On 28th April 2020, the Group provided the first quarter results of 2020, with the profits impacted by Covid-19 and fall in oil prices; revenue impacted by volatile items, resilient underlying performance; controlled costs; elevated ECL (Expected credit losses and other credit impairment charges) charge; robust balance sheet. Additional points are stated below:

  • During the first quarter of 2020, the reported profit before tax was down by 48 per cent to $3.2 billion, and adjusted profit before tax decreased by 51 per cent to $3 billion as compared with the corresponding period of the last year.
  • The reported revenue reduced by 5 per cent or $0.7 billion to $13.7 billion against the same period last year (Q1 FY19: $14.4 billion), driven by adverse valuation adjustments in GB&M (Global Banking and Markets) and adverse market impacts in life insurance manufacturing
  • Net interest margin (NIM) for Q1 FY20 was 1.54 per cent, a decrease of 5 basis points (bps) from Q1 FY19 and 2 basis points (bps) from Q4 FY19.
  • Customer lending rose by 4 per cent against the Q4 FY19, mainly driven by surged term lending in GB&M and CMB.
  • Led by the impact of Covid-19 (including funds deposited following loan drawdowns), the customer accounts increased by $47 billion in Q1 FY20.
  • CET1 ratio of 14.6 per cent; robust liquidity and funding position with LCR (Liquidity coverage ratio) of 156 per cent and LDR (Loan-to-deposit ratio) of 72.2 per cent.

Share Price Performance

(Source: Refinitiv, Thomson Reuters) - Daily Chart as of May 22nd, 2020, after the market closed

HSBA’s shares closed at GBX 379 on 22nd May 2020. Stock's 52 weeks High is GBX 674.80 and Low is GBX 373.05. Total outstanding market capitalization stood at around GBP 81.35 billion.


In 2020, the outlook for world economies has substantially worsened, mainly in the past two months.
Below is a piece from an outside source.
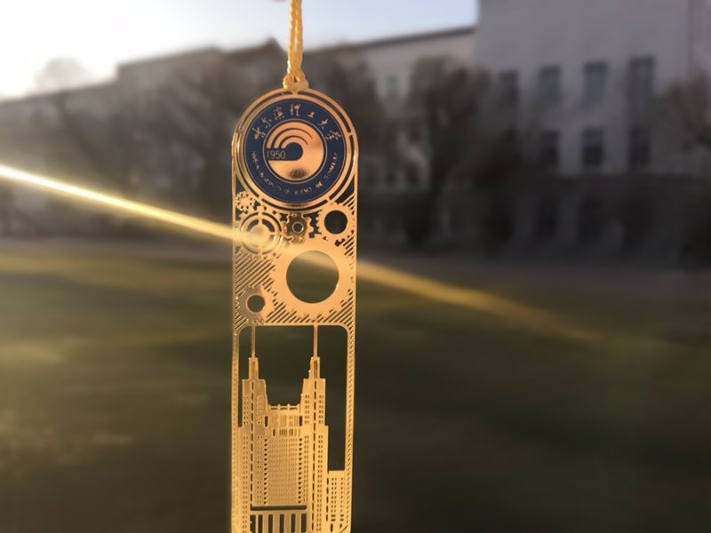 这款书签采用金属镂空加雕刻彩印的制作工艺,在100X27毫米的小小面积内雕刻了一千多个镂空点,整个作品轻灵通透,书签以纯铜抛光制成,光彩熠熠,象征着母校祝愿每一位毕业学子前程似锦。书签上方哈理工校徽以雕刻彩印工艺制成,校徽的湛蓝与黄铜材质形成鲜明对比,象征着哈理工一贯的坚守,在世事变迁中保持清澈与纯净,这是教育工作时刻坚守的本心。下方的图案以斜线打底,象征着射入的光线,借此在增加作品秩序感的同时给人一种时光流逝之感,点缀其上的是紧密咬合的齿轮图案,齿轮象征着工业,坚毅,运动和紧密配合。这体现了哈理工工科院校的特点,也点明了在流逝的时光中聚力坚守,在坚守中运动改革的内在主题。书签下方点缀理工大学主楼的形象,这是每个理工学子与教工都熟悉的形象,也是哈理工的标志性建筑,很多人在此工作学习,它承载了理工学子的回忆。校徽与下方的图案形成座钟的形状,这也呼应了书签的主题——凝聚时光。

In RWA, the company expects mid to high single-digit percentage growth in the year 2020. The group enhanced support for customers through digital channels and also showed a good volume growth. The Group has strong growth in both lending and customer accounts. The Group enhanced support for customers through digital channels and also showed a good volume growth.